Sonic Screwdriver: Fans of Doctor Who know that the Sonic Screwdriver is the Doctor’s trusty device for analysis and defense. In the CIA’s world, it’s a “mechanism for executing code on peripheral devices while a Mac laptop or desktop is booting,” allowing attackers to “boot its attack software even when a firmware password is enabled”. The CIA’s Sonic Screwdriver infector is stored on the modified firmware of an Apple Thunderbolt-to-Ethernet adapter. The documentation for this was released internally at CIA headquarters November 29 2012.

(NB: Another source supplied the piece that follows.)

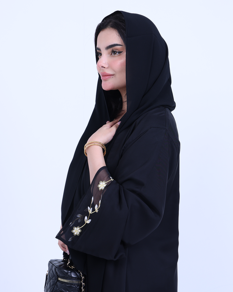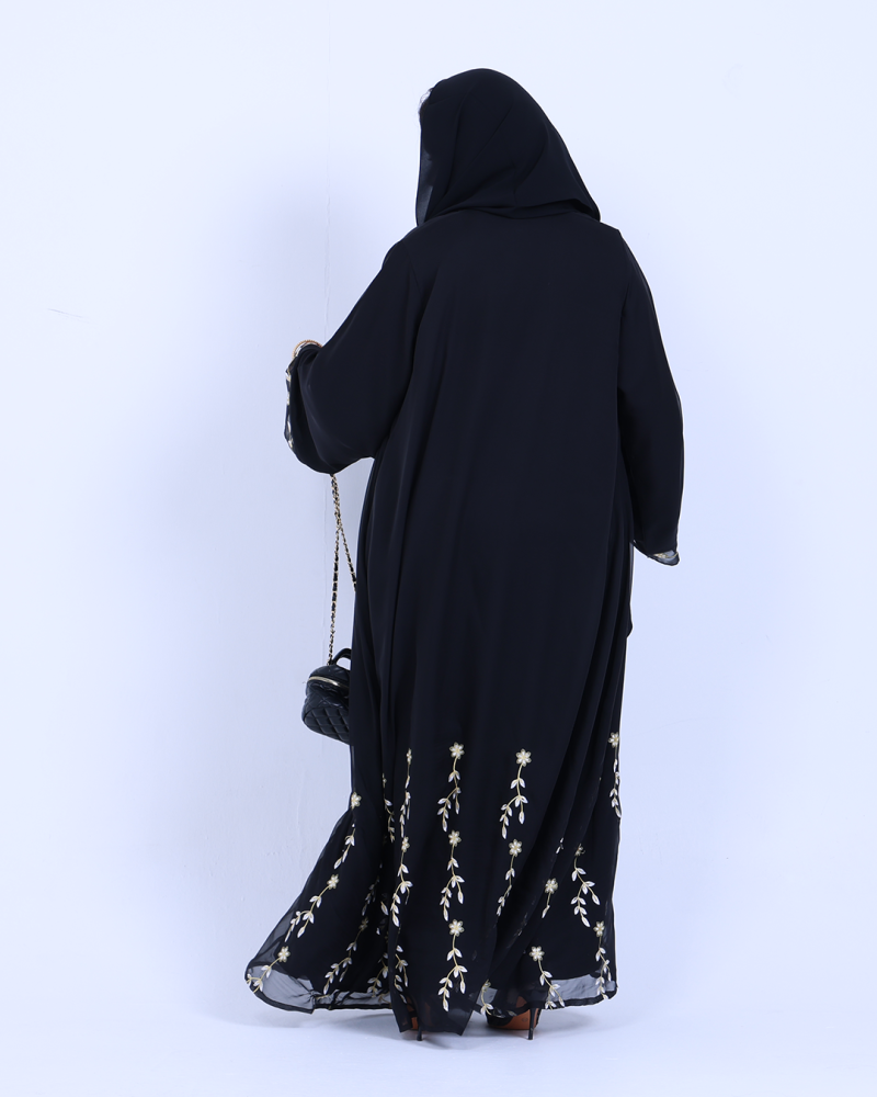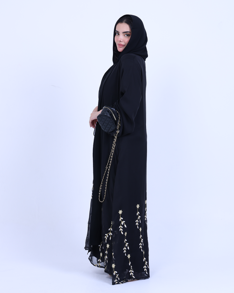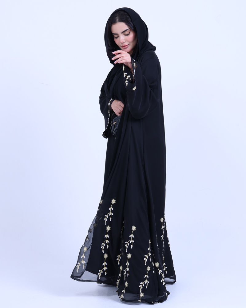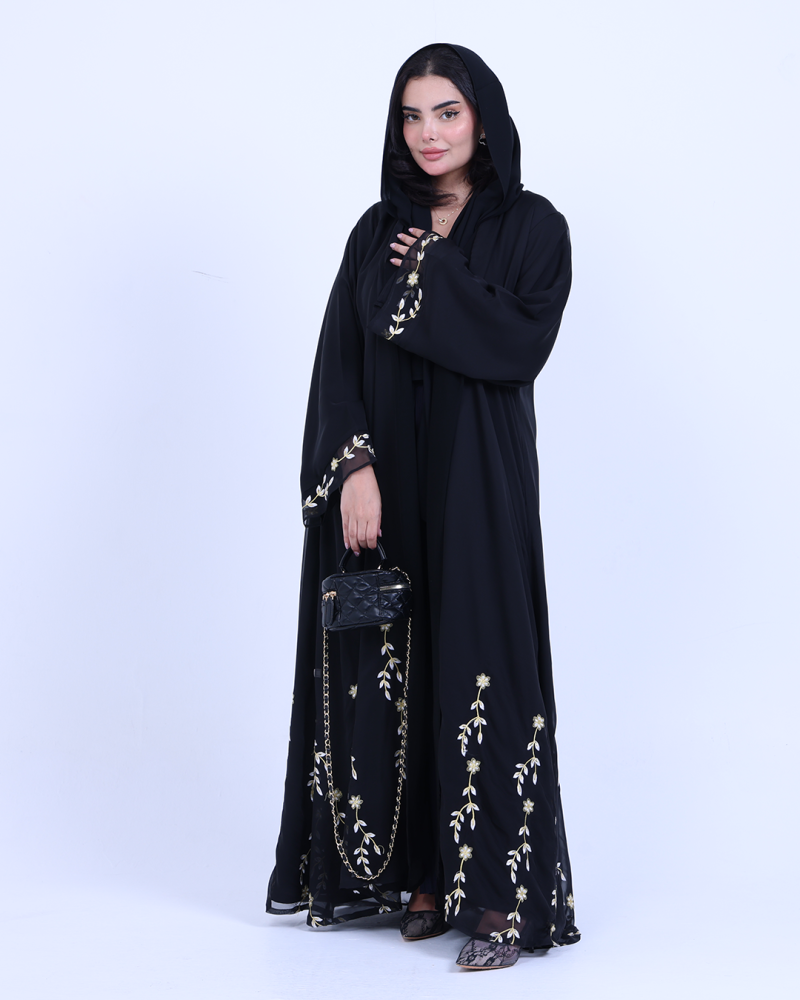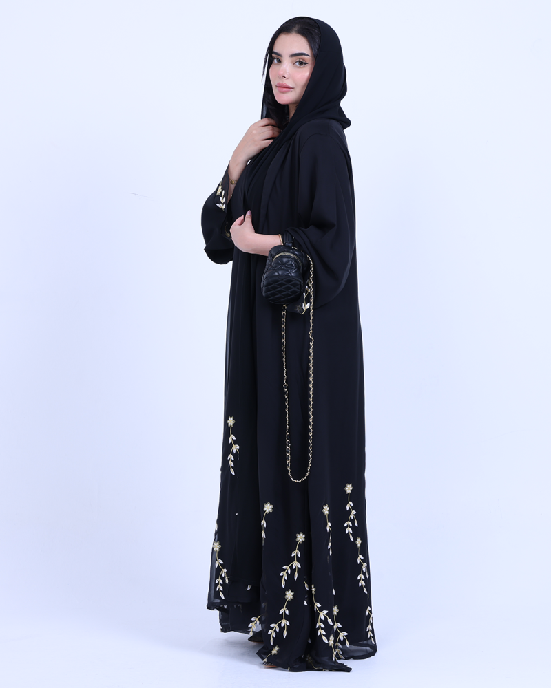 عباية ملكية التصميم تنطق فخامة، مصنوعة من طبقتين: شيفون ناعم مطرّز بخيوط ذهبية فاخرة تنسدل برقي على الأطراف، مع بطانة من كريب كوري أنيق يمنحك تغطية مثالية وراحة في اللبس. تطريز الأزهار الذهبية يزين أسفل العباية وأطراف الأكمام ليمنحك حضورًا أنثويًا ساحرًا في كل حركة. قصة نصف كلوش تضيف انسيابية راقية دون مبالغة، وتأتي العباية بطرحة سادة لتكمل الأناقة ببساطة ناعمة.

DarkSeaSkies: This is “an implant that persists in the EFI firmware of an Apple MacBook Air computer” and consists of “DarkMatter”, “SeaPea” and “NightSkies”, plus EFI, kernel-space and user-space implants. Internal documents show a January 26 2009 release date.

NightSkies: In a December 2008 document describing the NightSkies malware for an iPhone 3G running iOS 2.1, the CIA explains that once exploited, it granted the agency complete control over an infected device. One passage notes: “The tool operates in the background providing upload, download and execution capability on the device. NS is installed via physical access to the device and will wait for user activity before beaconing. When user activity is detected, NS will attempt to beacon to a preconfigured LP [listening post] to retrieve tasking, execute the instructions, and reply with the responses in one session.”

SeaPea: This document, last updated in November 2008, shows that while NightSkies ran on Mac OS X 10.5.2 and higher, a rootkit named SeaPea was running on Mac OS X Tiger 10.4, launched 12 years ago.

Mac security expert Pedro Vilaca, who specializes in reverse engineering and rootkits, told Forbes that the leaked documents show the CIA as an early adopter of Mac hacking. “They have a good interest in Mac targets, which makes sense since many high-value targets love to use Macs.”

Is there a silver lining in these leaks?

Since WikiLeaks began leaking stolen documents several years ago, many in the security industry have warned that the releases were a threat to national security. But since the leaks have happened and there’s no turning back, the question is if any good can come of this.

It’s a question we asked security experts after the first Vault7 leak a few weeks ago. Eric Cowperthwaite, former VP of strategy for Core Security and now director of managed risk services for Edgile, said at the time that he was conflicted on that question.

As an example he brought up the case of Chelsea Manning, a United States Army soldier convicted by court-martial in 2013 for violating the Espionage Act and other offenses, after giving WikiLeaks nearly three-quarters of a million classified and/or sensitive military and diplomatic documents:

There is good and bad in this. We know that some of the Manning leaks had impacts on military operations. That was part of Manning’s trial. I also found it interesting that Wikileaks alleges that the US intelligence community has a problem keeping its cyberwar tools off the black market. And if the CIA, NSA, etc. can’t keep these things under control, that is something that citizens should know.

That’s why Naked Security will continue to cover the leaks here.